Cuando se piensa en payasos puede pensarse en una risa burlona o incluso en una mirada desquiciada sacada de una película de terror, en la que la risa es lo de menos. También es el caso de estos Payasos Sin Fronteras, no porque aludan al terror sino porque saben que la guerra, el hambre y la desesperanza pueden ser tan poderosas que la risa es lo de menos.

 

 

El postconflicto entre guerrillas en Nicaragua, la violencia juvenil causada por el narcotráfico en Colombia, la hambruna en Namibia, la matanza en los Balcanes, el infierno entre Israel y Palestina y la devastación de Haití son solo algunos de los escenarios en los que Payasos Sin Fronteras hace su labor.

 

 

“Resulta imposible que jóvenes y niños… en definitiva seres humanos, que han pasado por situaciones tan difíciles suelten sus risas.
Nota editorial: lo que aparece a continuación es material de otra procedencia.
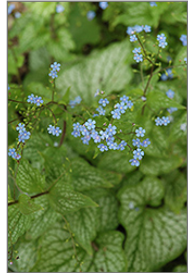
Mr. Morse Bugloss flowers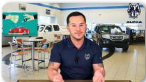
Learn The Sales Process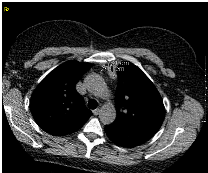
Figure 3. Shows Low Dose Lung CT reveals 2.61 by 2.14 cm (about 0.84 in) anterior mediastinal mass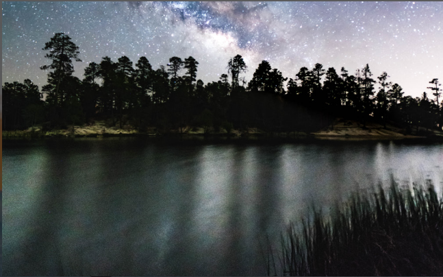
ROSE CANYON LAKE TRAIL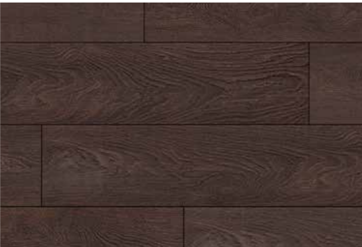
Oak Irish Pub* 1101021842 | 1288 x 195 x 8 mm | plank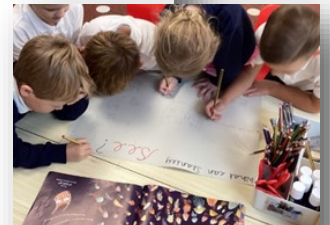
Y2 using adjectives to describe senses

A lluring and angelic is an understatement implying the beauty of this flower is never a debate.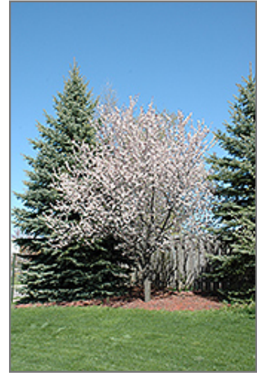
Newport Plum in bloom

This tree should only be grown in full sunlight. It does best in average to evenly moist conditions, but will not tolerate standing water. It may require supplemental watering during periods of drought or extended heat. It is not particular as to soil type or pH. It is highly tolerant of urban pollution and will even thrive in inner city environments. This is a selected variety of a species not originally from North America.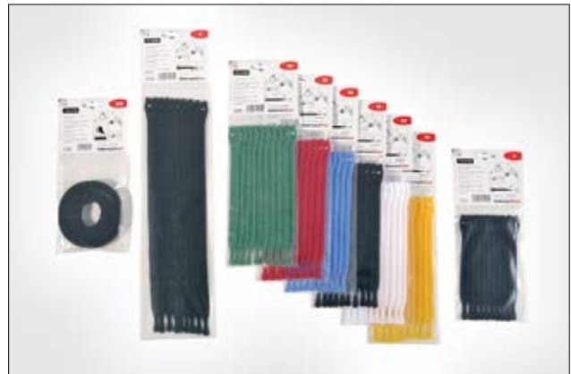
The TEXTIE-Series is available in different colours and lengths.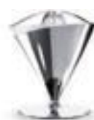
55-SVITACR authentic shiny lucido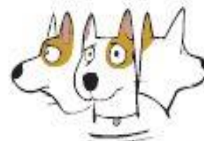
Hypervigilant looking in many directions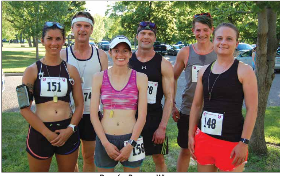
Race for Rescues Winners

More than 130 runners and walkers participated in the 2019 Race for Rescues, raising money for CDHS and enjoying a beautiful evening at Sertoma Park. Having fun and making a difference – it's a great thing!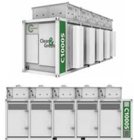
C1000S ICHP Power Package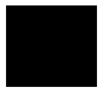
Handling Specialty Low-Gloss Black HS-QT110BK259 RAL 9004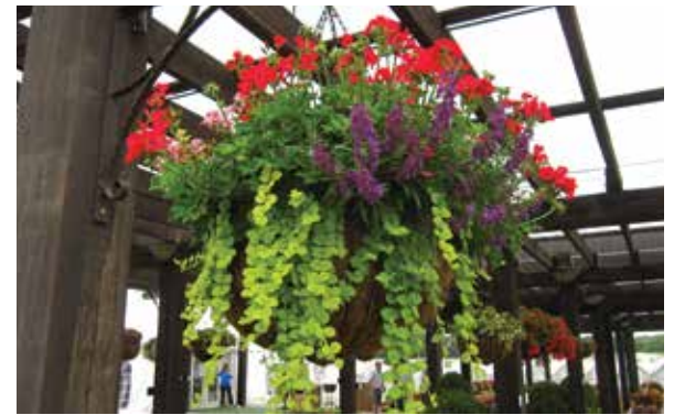
Marcada geranium, Angelmist angelonia and Goldilocks lysimachia combo

available in three colors — Pink, Purple and White Amethyst — and is available in Trixi mixes. The selling points include vigorous trailing habit, long season performance, single variety and combination application. This will be a significant addition to early spring basket programs with long season potential in the northern regions.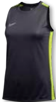
NIKE DF ACADEMY 23 SL TOP DR1332 Page 49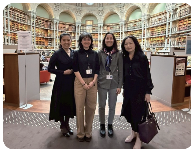
Tour of the Richelieu Site of the BnF

The NCL and BnF share a longstanding relationship, having collaborated on Chinese rare book digitization projects in 2015 and again in 2024.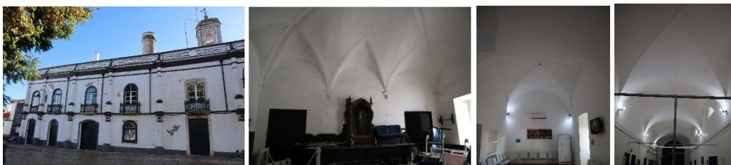
Serpa – Mosteirinho convent (Watch Museum)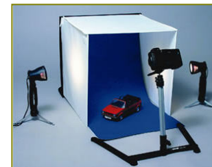
Photo Studio in-a-box. Provides desired tools to photograph documents indoors.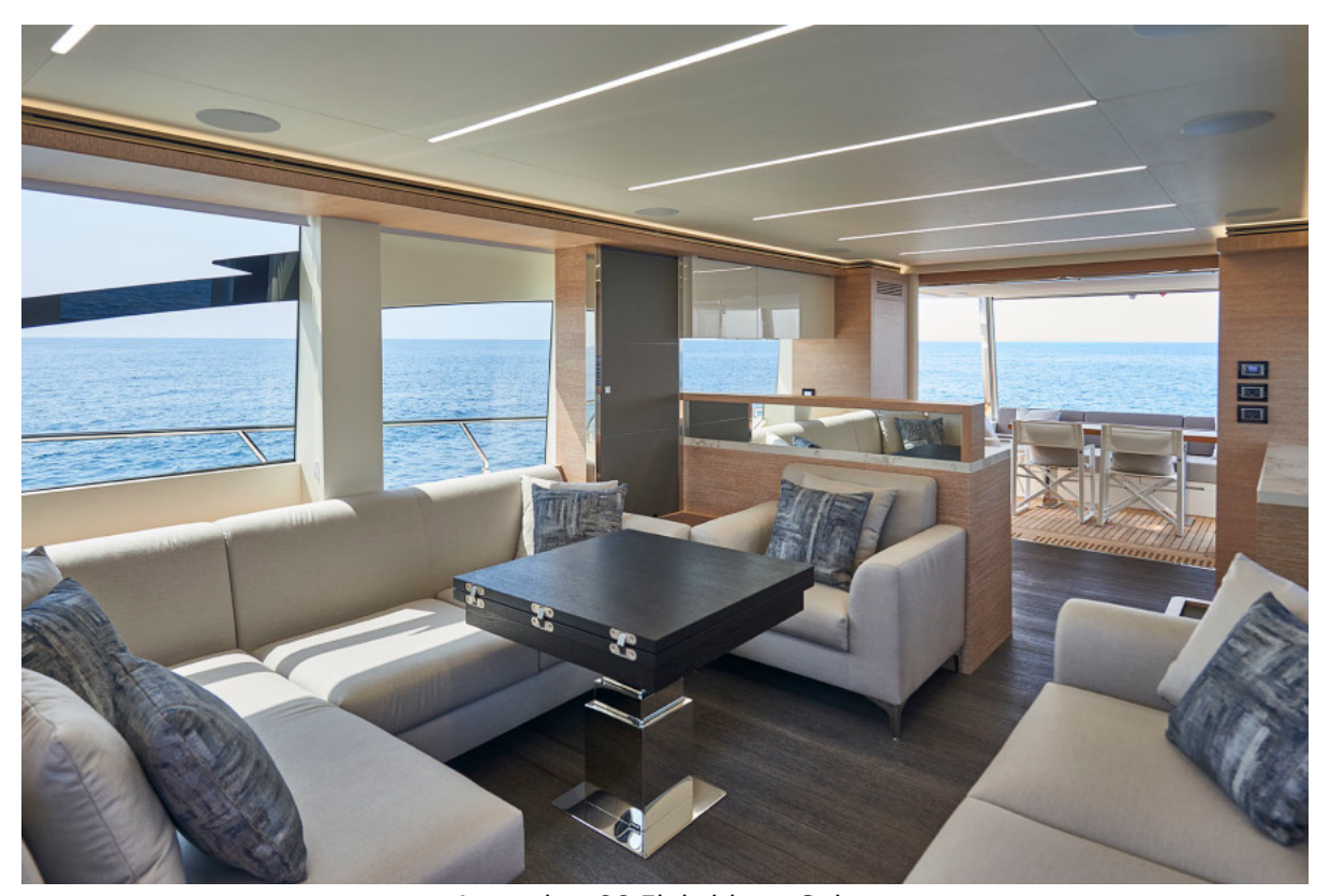
Astondoa 66 Flybridge Salon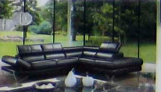
MODEL NO: 800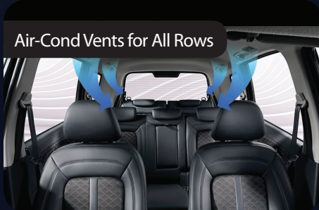
Air-Cond Vents for All Rows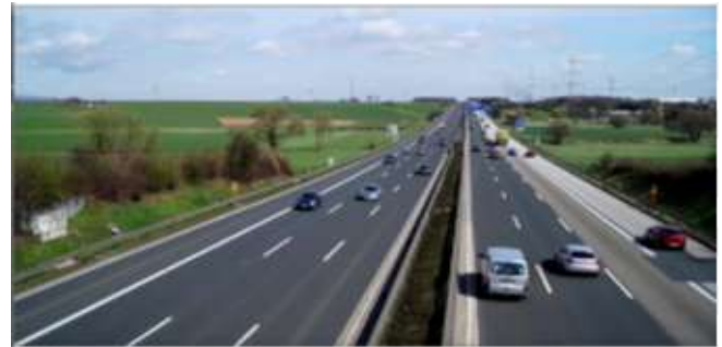
Fig.2. Input to the system as RGB format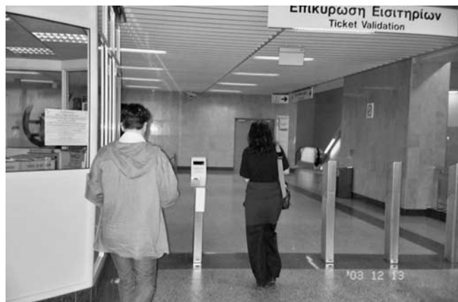
Figure 10 Athens open fare control line for ticket validation.

The fare control system in Rome is a closed design with gated turnstiles. The ticket validation system is time based, and the system is integrated with surface modes.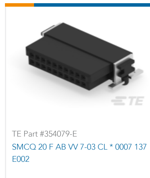
TE Part #354079-E SMCQ 20 F AB VV 7-03 CL * 0007 137 E002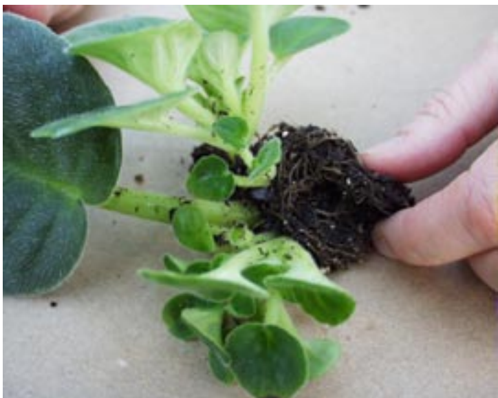
Figure 13: Leaf petiole: rooted cutting with plantlets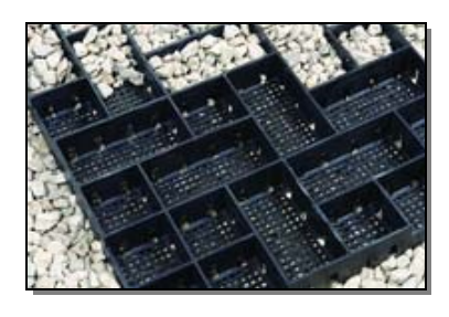
Figure 2 GeoPave Cell Configuration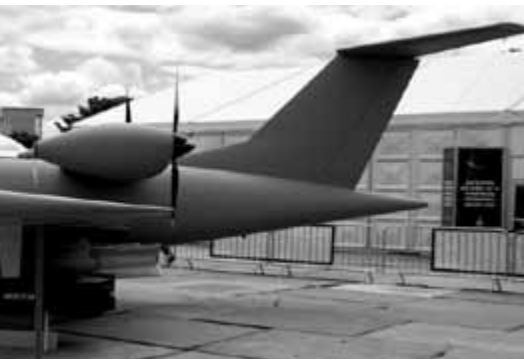
systems Mantis drone

Civilian Casualties of Armed Conflict says, under humanitarian law, all casualties should be recorded, identified and given a proper burial. How can that be done if you are fighting your war from half a world away? And developments will allow one operator to run up to five drones at a time. That will not make for accuracy. Nor will drones – also in the pipeline – that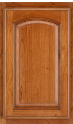
BRINKLEY Available in: Cherry Door Style: Arch raised panel Overlay: Half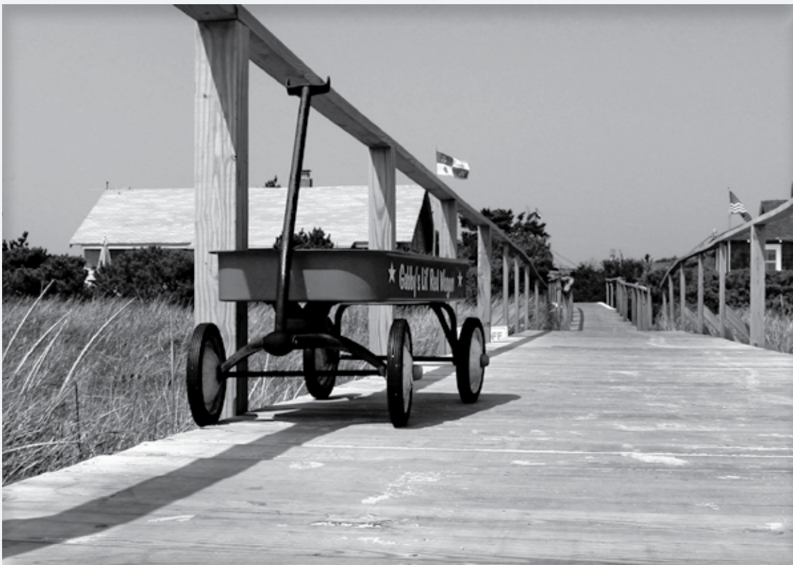
Boardwalk to the beach, Cherry Grove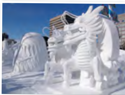
Sapporo Snow Festival

Note: The above event is organised by the local authority and is subject to change or cancel without prior notice.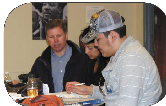
The Math Center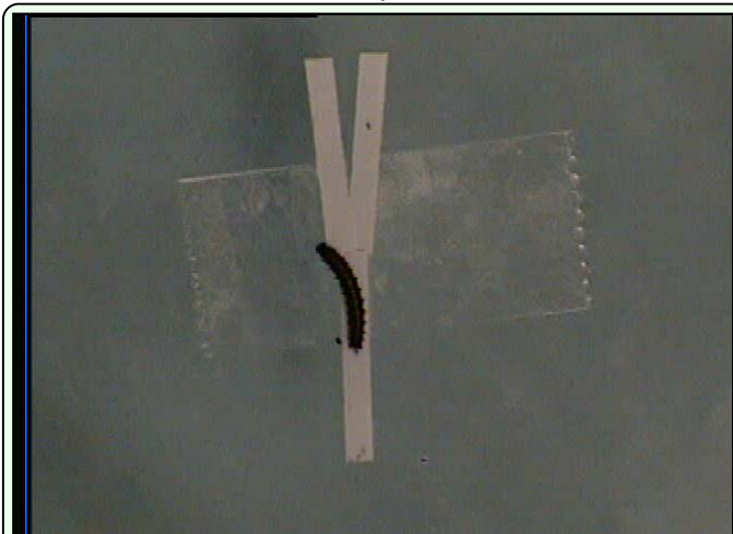
Video 1. Y constructed from sections of a paper strip over which caterpillars of Dione juno huascuma had previously walked (stem and right arm). A strip not previously walked on by caterpillars (blank) forms the left arm. The response of a caterpillar allowed to choose between the arms is shown. Click image to view video. Download video

each trial to preclude a positional bias. Maze sections and experimental caterpillars were used only once.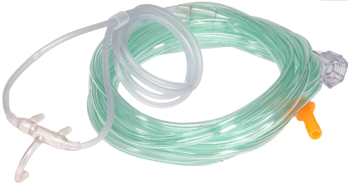
0913 Oral/Nasal Cannula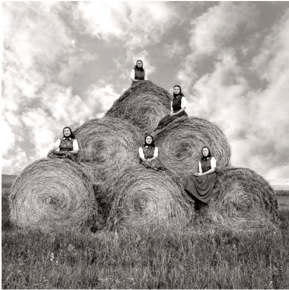
Hutterite girls during hay making season, Surprise Creek Colony Stanford, Montana, August 22, 1991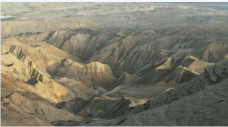
Treated wastewater trunkline in the Jordan Valley See article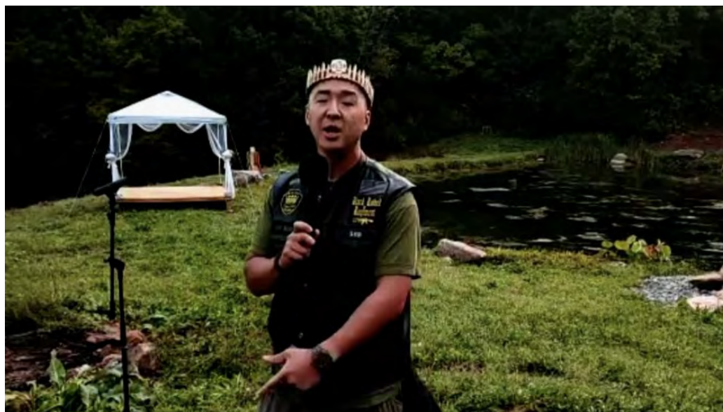
Hyung Jin Nim's Message from TN 9/19/2021

In certain parts of Australia you can't go more than 3 miles from your home because of Covid 19 fear and state-mandated lockdowns.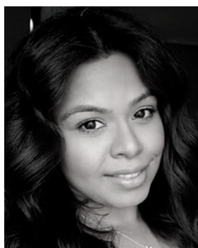
MAKEUP ARTIST & INDIAN WEDDING SPECIALIST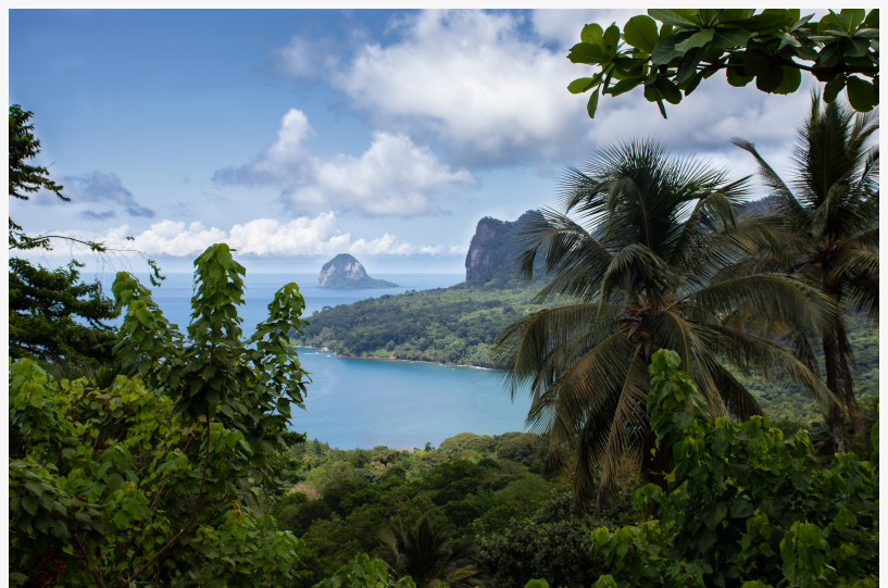
São Tomé and Príncipe citizenship by investment 2026

For international investors, this confirmed that a new jurisdiction had formally entered the citizenship by investment market, with defined application procedures and timelines.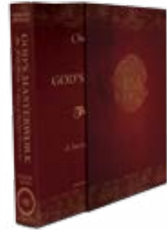
God's Masterwork, Volume Seven: The Final Word—A Survey of Hebrews–Revelation by Charles R. Swindoll CD series

For these and related resources, visit www.insightworld.org/store or call USA 1-800-772-8888 • AUSTRALIA +61 3 9762 6613 • CANADA 1-800-663-7639 • UK +44 1306 640156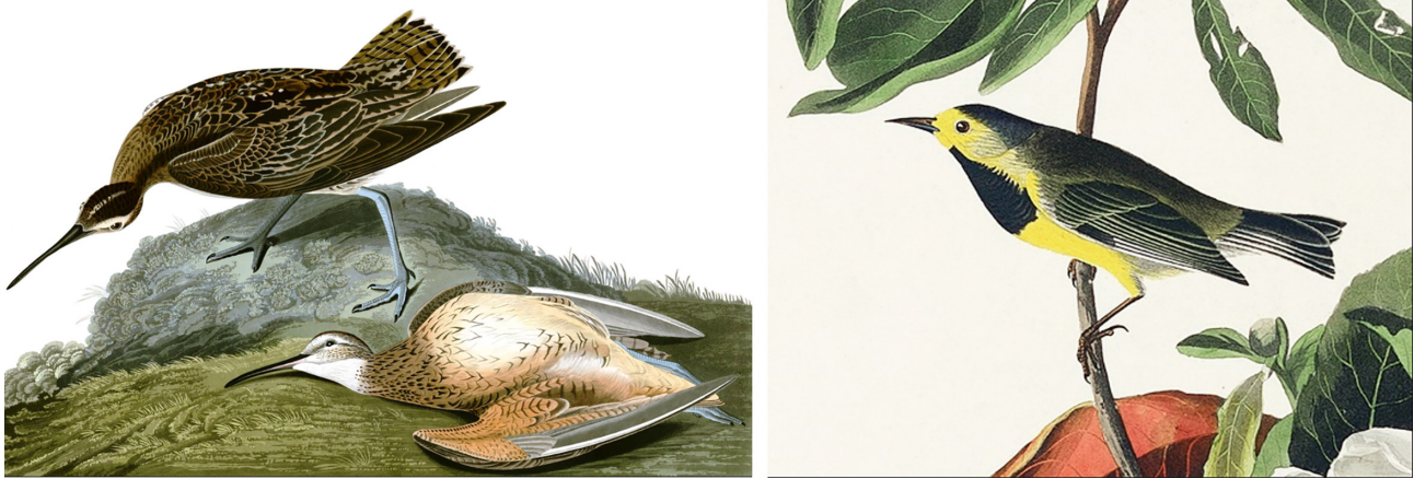
Fig. 2. Extinct but not listed as such, for fear of committing the ‘Romeo Error’. Left: Eskimo curlew ( Numenius borealis (Forster)), from Audubon (1827–1838: plate 208; Wikimedia Commons). Right: Bachman’s warbler ( Vermivora bachmani (Audubon)), from Audubon (1827–1838: plate 185 (detail); Creative Commons, Rawpixel).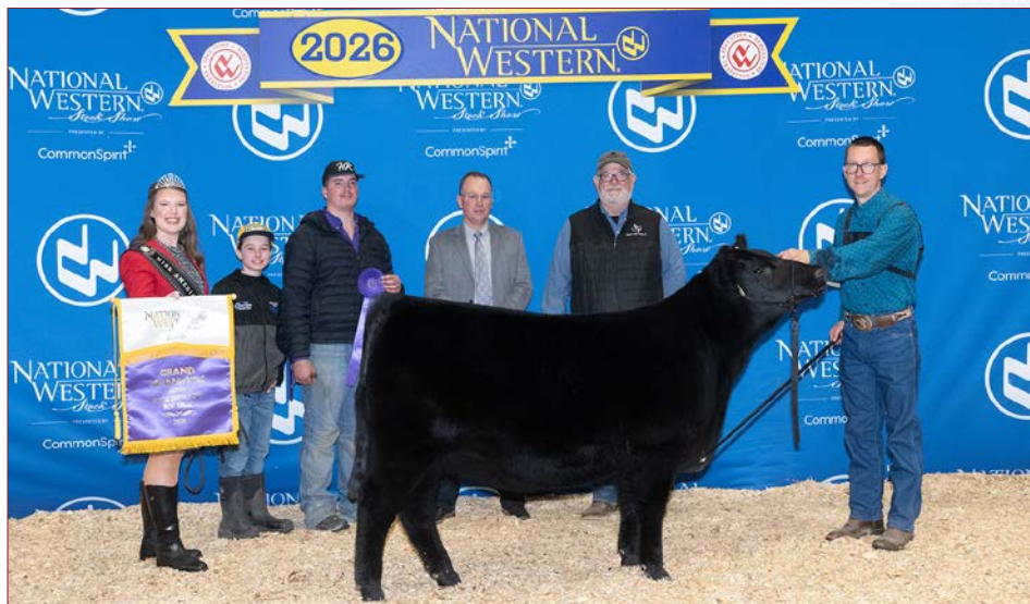
KC Blackcap Lady 5033 - The 2026 National Western Stock Show Champion P & G Female and maternal sister to Lot X & XX embryos

Guarantee 1 pregnancy if implanted by a certified technician.

Y lo sabemos. Somos payasos que tenemos como misión paliar un dolor, no reemplazarlo por felicidad”, asegura Rueda.

 

 

 

- Ese mitigar el dolor es en el fondo una labor muy seria para un payaso ¿No cree usted?

 

 

Sí, pero es que ser payaso es una cosa muy seria. Provocar la risa tonta es muy fácil, hacer soñar, hacer olvidar a las personas que pasan por sus duelos es una labor muy comprometedora.

 

 

 

-Y si se lo toma tan seriamente, ¿No se siente impotente cuando en vez de comida y medicamentos solo les puede llevar sueños a estos niños?

 

 

Sí, la impotencia es constante. Pero la satisfacción de ver a un niño que vuelve a creer en sí mismo es gratificante. Entender al ser humano como un ser limitado, con dificultades, con tristezas, pero con dignidad de hacerles frente, es toda una lección.

 

 

El ejemplo es muy claro: después de una función un niño se le acercó tímidamente a Tortell Poltrona con el puño cerrado, abrió la mano lentamente y le dijo que tenía en su mano un regalo que este payaso le había hecho algunos años atrás… Se trataba de un confeti que había lanzado en la despedida de su última función en el campo de refugiados en los Balcanes.

 

 

Indeleble, así quedó en la memoria de este niño la visita de aquellos payasos raros, pero imborrable también resultó la lección de que soñar es posible, “así sea a trocitos”, como cuenta Pepo Rueda.

 

 

Cuando la tierra tiembla, los payasos sonríen

 

 

- ¿Hay algún lugar que le haya marcado especialmente en estos 10 años en Payasos Sin Fronteras?

 

 

 

“Sí. Haití. Es un país devastado. Allí la ilusión nunca ha sido cosa cotidiana... ni siquiera posible. Conocí Haití antes del terremoto de 2010 y volví después. ¿Qué si la realidad cambió? Pues sí… el país quedó aun más deshecho que antes”, asegura Rueda.

 

 

Y sin embargo, es Haití donde Pepo sueña con llevar de nuevo sus risas. Porque sí, porque le parece un lugar marcado por un destino inmerecido, con gente que podría tener otro rumbo.

 

 

“Volvería a Haití me quedaría allí porque es donde veo más útil mi labor de payaso”, insiste Rueda.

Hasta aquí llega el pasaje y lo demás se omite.